- **WHAT THE TASK REQUIRES**: The response should consist of the data below, copied exactly, with no pictures in it.

Records from a data collection:

^^^^^^^^^^^^^^^^

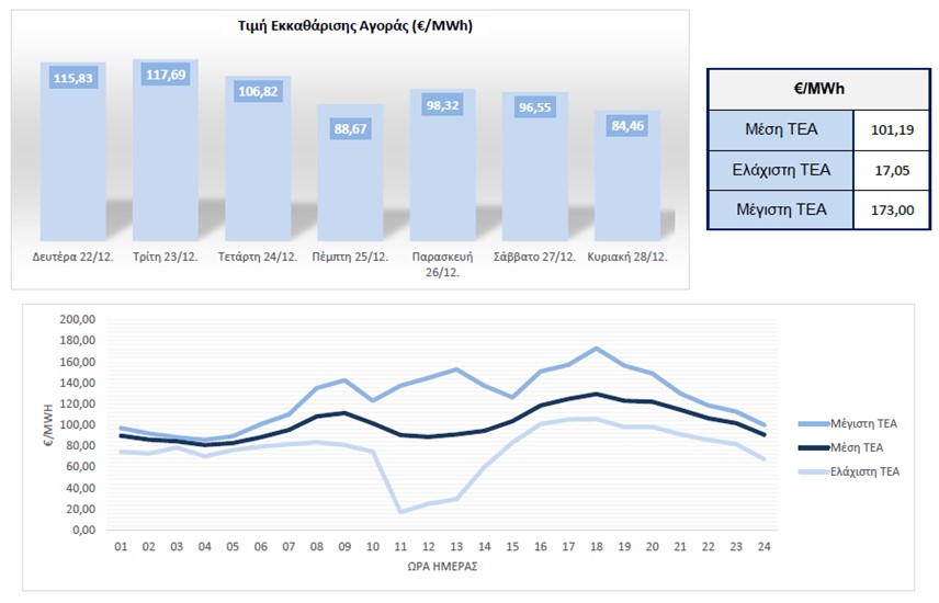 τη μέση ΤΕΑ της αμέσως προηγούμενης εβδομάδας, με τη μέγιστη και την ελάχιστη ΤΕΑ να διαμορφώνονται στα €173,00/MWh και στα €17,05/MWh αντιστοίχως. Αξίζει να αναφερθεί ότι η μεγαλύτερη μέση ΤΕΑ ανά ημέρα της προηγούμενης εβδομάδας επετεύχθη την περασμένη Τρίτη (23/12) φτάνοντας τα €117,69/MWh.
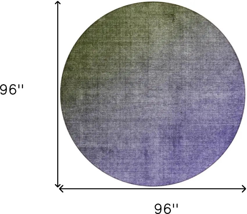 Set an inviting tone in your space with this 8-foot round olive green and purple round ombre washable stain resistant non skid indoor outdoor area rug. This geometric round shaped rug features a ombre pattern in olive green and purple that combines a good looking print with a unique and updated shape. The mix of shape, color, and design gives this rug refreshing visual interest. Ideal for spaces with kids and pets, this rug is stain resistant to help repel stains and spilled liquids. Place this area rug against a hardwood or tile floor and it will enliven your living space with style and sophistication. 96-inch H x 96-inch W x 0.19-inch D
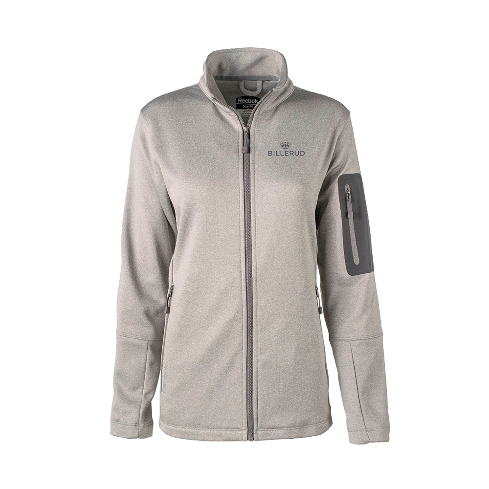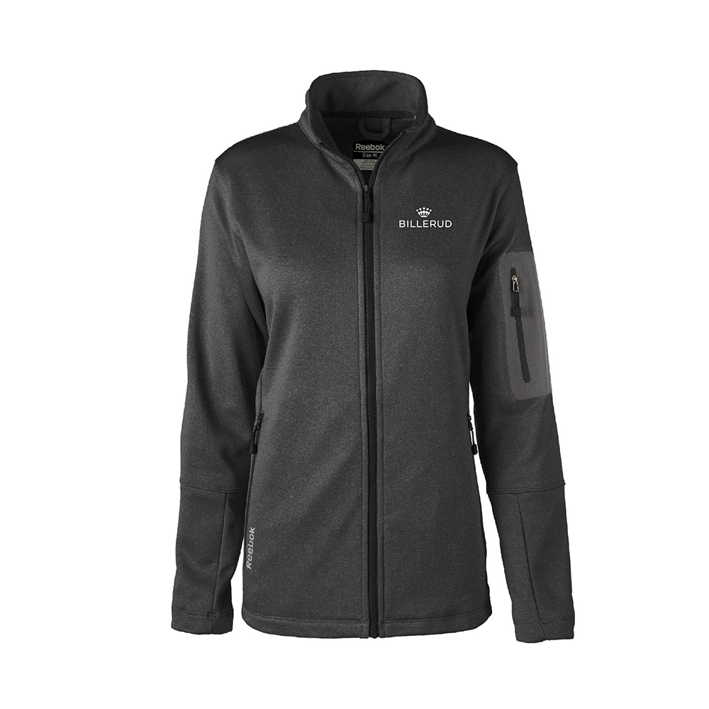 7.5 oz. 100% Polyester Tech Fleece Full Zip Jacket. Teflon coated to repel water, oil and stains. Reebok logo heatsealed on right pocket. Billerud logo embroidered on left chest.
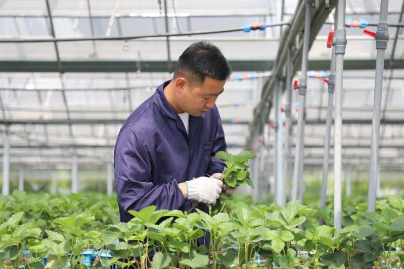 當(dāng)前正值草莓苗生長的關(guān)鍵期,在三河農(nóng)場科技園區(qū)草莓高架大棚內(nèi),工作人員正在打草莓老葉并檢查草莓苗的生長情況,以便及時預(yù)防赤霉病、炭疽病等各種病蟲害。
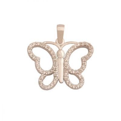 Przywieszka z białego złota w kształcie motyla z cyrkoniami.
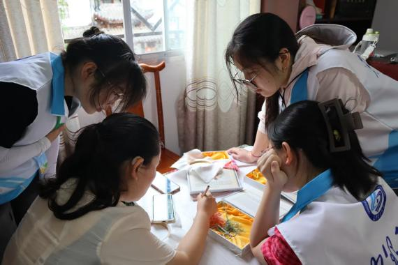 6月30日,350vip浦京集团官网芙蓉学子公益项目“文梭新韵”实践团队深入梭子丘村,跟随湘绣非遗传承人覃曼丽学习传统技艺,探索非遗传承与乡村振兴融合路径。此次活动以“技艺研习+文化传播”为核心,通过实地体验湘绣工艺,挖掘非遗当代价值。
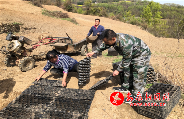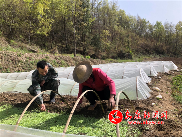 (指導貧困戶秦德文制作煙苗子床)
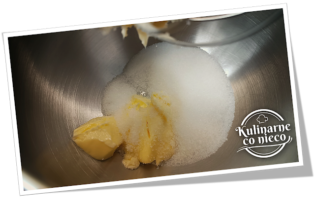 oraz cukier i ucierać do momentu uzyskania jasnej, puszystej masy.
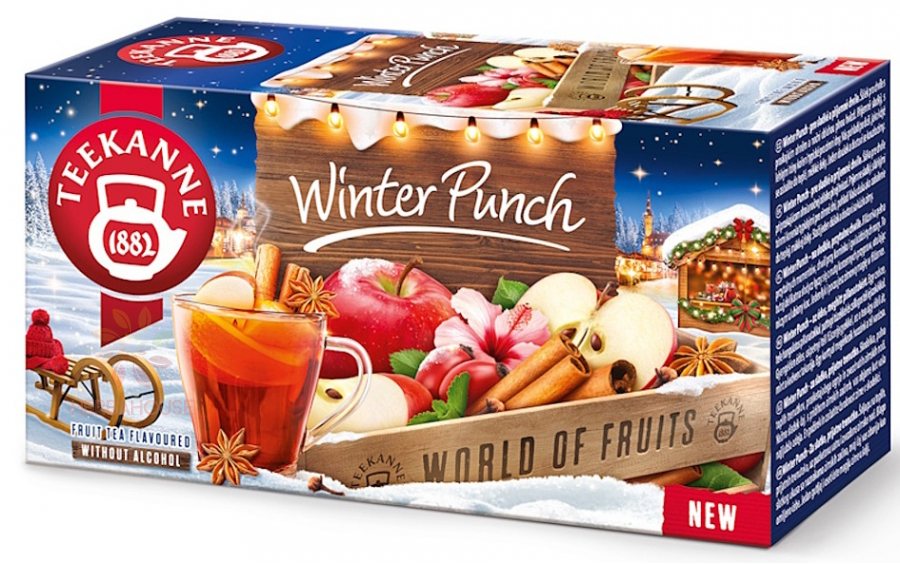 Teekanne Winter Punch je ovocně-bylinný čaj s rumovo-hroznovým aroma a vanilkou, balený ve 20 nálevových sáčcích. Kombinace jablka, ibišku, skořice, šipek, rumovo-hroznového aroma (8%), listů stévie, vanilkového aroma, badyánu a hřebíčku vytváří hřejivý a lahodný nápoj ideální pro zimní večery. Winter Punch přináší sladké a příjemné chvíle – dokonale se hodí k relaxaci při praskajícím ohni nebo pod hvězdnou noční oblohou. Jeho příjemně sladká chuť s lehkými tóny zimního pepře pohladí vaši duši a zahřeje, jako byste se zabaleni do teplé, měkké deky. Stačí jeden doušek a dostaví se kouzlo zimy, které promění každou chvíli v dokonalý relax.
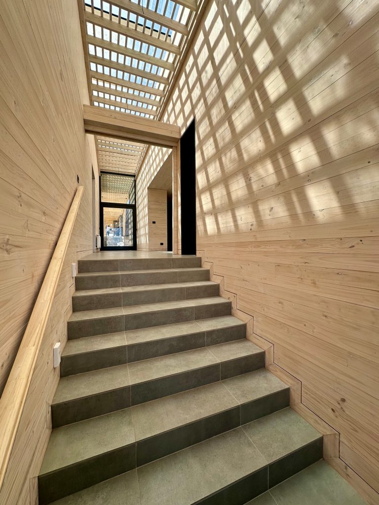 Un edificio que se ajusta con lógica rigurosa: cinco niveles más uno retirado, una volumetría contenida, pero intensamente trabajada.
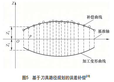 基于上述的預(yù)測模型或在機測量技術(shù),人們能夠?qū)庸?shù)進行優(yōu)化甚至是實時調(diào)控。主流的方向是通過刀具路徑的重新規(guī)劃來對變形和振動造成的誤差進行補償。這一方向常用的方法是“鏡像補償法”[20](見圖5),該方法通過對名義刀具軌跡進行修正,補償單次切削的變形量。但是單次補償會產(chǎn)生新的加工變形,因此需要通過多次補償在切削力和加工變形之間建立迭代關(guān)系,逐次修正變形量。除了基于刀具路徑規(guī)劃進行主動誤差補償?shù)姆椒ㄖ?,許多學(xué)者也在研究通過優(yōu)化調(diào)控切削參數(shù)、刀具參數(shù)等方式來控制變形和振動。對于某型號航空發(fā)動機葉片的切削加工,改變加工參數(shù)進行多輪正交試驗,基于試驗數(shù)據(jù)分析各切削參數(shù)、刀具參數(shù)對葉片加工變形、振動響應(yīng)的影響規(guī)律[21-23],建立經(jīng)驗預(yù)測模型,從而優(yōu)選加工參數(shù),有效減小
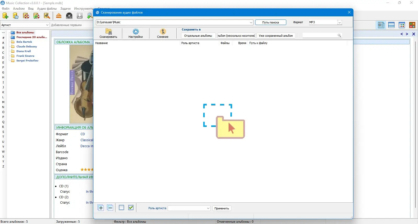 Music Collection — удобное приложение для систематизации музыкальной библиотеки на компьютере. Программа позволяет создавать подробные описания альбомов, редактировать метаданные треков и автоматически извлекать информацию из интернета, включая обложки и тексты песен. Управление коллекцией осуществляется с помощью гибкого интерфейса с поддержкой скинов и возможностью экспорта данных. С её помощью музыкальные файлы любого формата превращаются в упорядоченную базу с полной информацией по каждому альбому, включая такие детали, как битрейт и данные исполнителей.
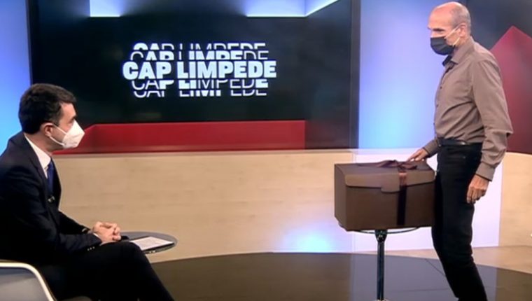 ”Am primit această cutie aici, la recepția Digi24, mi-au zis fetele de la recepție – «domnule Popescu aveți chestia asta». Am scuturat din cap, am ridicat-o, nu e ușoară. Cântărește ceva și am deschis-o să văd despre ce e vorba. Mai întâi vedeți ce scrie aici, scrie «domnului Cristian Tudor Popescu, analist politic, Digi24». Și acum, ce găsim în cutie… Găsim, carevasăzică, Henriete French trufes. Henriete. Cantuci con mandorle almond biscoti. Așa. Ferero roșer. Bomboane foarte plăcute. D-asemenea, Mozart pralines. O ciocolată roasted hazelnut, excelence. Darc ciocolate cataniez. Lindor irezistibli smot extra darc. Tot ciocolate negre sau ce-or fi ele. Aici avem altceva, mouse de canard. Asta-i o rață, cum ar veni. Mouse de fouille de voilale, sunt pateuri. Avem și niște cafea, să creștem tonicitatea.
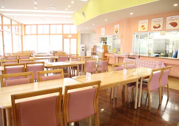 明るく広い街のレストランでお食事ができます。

^^^^^^^^^^^^^^^^

- **RESPONSE TO THIS TASK**:
 τη μέση ΤΕΑ της αμέσως προηγούμενης εβδομάδας, με τη μέγιστη και την ελάχιστη ΤΕΑ να διαμορφώνονται στα €173,00/MWh και στα €17,05/MWh αντιστοίχως. Αξίζει να αναφερθεί ότι η μεγαλύτερη μέση ΤΕΑ ανά ημέρα της προηγούμενης εβδομάδας επετεύχθη την περασμένη Τρίτη (23/12) φτάνοντας τα €117,69/MWh.
 Set an inviting tone in your space with this 8-foot round olive green and purple round ombre washable stain resistant non skid indoor outdoor area rug. This geometric round shaped rug features a ombre pattern in olive green and purple that combines a good looking print with a unique and updated shape. The mix of shape, color, and design gives this rug refreshing visual interest. Ideal for spaces with kids and pets, this rug is stain resistant to help repel stains and spilled liquids. Place this area rug against a hardwood or tile floor and it will enliven your living space with style and sophistication. 96-inch H x 96-inch W x 0.19-inch D
 7.5 oz. 100% Polyester Tech Fleece Full Zip Jacket. Teflon coated to repel water, oil and stains. Reebok logo heatsealed on right pocket. Billerud logo embroidered on left chest.
 當(dāng)前正值草莓苗生長的關(guān)鍵期,在三河農(nóng)場科技園區(qū)草莓高架大棚內(nèi),工作人員正在打草莓老葉并檢查草莓苗的生長情況,以便及時預(yù)防赤霉病、炭疽病等各種病蟲害。
 Przywieszka z białego złota w kształcie motyla z cyrkoniami.
 6月30日,350vip浦京集团官网芙蓉学子公益项目“文梭新韵”实践团队深入梭子丘村,跟随湘绣非遗传承人覃曼丽学习传统技艺,探索非遗传承与乡村振兴融合路径。此次活动以“技艺研习+文化传播”为核心,通过实地体验湘绣工艺,挖掘非遗当代价值。
 (指導貧困戶秦德文制作煙苗子床)
 oraz cukier i ucierać do momentu uzyskania jasnej, puszystej masy.
 Teekanne Winter Punch je ovocně-bylinný čaj s rumovo-hroznovým aroma a vanilkou, balený ve 20 nálevových sáčcích. Kombinace jablka, ibišku, skořice, šipek, rumovo-hroznového aroma (8%), listů stévie, vanilkového aroma, badyánu a hřebíčku vytváří hřejivý a lahodný nápoj ideální pro zimní večery. Winter Punch přináší sladké a příjemné chvíle – dokonale se hodí k relaxaci při praskajícím ohni nebo pod hvězdnou noční oblohou. Jeho příjemně sladká chuť s lehkými tóny zimního pepře pohladí vaši duši a zahřeje, jako byste se zabaleni do teplé, měkké deky. Stačí jeden doušek a dostaví se kouzlo zimy, které promění každou chvíli v dokonalý relax.
 Un edificio que se ajusta con lógica rigurosa: cinco niveles más uno retirado, una volumetría contenida, pero intensamente trabajada.
 基于上述的預(yù)測模型或在機測量技術(shù),人們能夠?qū)庸?shù)進行優(yōu)化甚至是實時調(diào)控。主流的方向是通過刀具路徑的重新規(guī)劃來對變形和振動造成的誤差進行補償。這一方向常用的方法是“鏡像補償法”[20](見圖5),該方法通過對名義刀具軌跡進行修正,補償單次切削的變形量。但是單次補償會產(chǎn)生新的加工變形,因此需要通過多次補償在切削力和加工變形之間建立迭代關(guān)系,逐次修正變形量。除了基于刀具路徑規(guī)劃進行主動誤差補償?shù)姆椒ㄖ?,許多學(xué)者也在研究通過優(yōu)化調(diào)控切削參數(shù)、刀具參數(shù)等方式來控制變形和振動。對于某型號航空發(fā)動機葉片的切削加工,改變加工參數(shù)進行多輪正交試驗,基于試驗數(shù)據(jù)分析各切削參數(shù)、刀具參數(shù)對葉片加工變形、振動響應(yīng)的影響規(guī)律[21-23],建立經(jīng)驗預(yù)測模型,從而優(yōu)選加工參數(shù),有效減小
 Music Collection — удобное приложение для систематизации музыкальной библиотеки на компьютере. Программа позволяет создавать подробные описания альбомов, редактировать метаданные треков и автоматически извлекать информацию из интернета, включая обложки и тексты песен. Управление коллекцией осуществляется с помощью гибкого интерфейса с поддержкой скинов и возможностью экспорта данных. С её помощью музыкальные файлы любого формата превращаются в упорядоченную базу с полной информацией по каждому альбому, включая такие детали, как битрейт и данные исполнителей.
 ”Am primit această cutie aici, la recepția Digi24, mi-au zis fetele de la recepție – «domnule Popescu aveți chestia asta». Am scuturat din cap, am ridicat-o, nu e ușoară. Cântărește ceva și am deschis-o să văd despre ce e vorba. Mai întâi vedeți ce scrie aici, scrie «domnului Cristian Tudor Popescu, analist politic, Digi24». Și acum, ce găsim în cutie… Găsim, carevasăzică, Henriete French trufes. Henriete. Cantuci con mandorle almond biscoti. Așa. Ferero roșer. Bomboane foarte plăcute. D-asemenea, Mozart pralines. O ciocolată roasted hazelnut, excelence. Darc ciocolate cataniez. Lindor irezistibli smot extra darc. Tot ciocolate negre sau ce-or fi ele. Aici avem altceva, mouse de canard. Asta-i o rață, cum ar veni. Mouse de fouille de voilale, sunt pateuri. Avem și niște cafea, să creștem tonicitatea.
 明るく広い街のレストランでお食事ができます。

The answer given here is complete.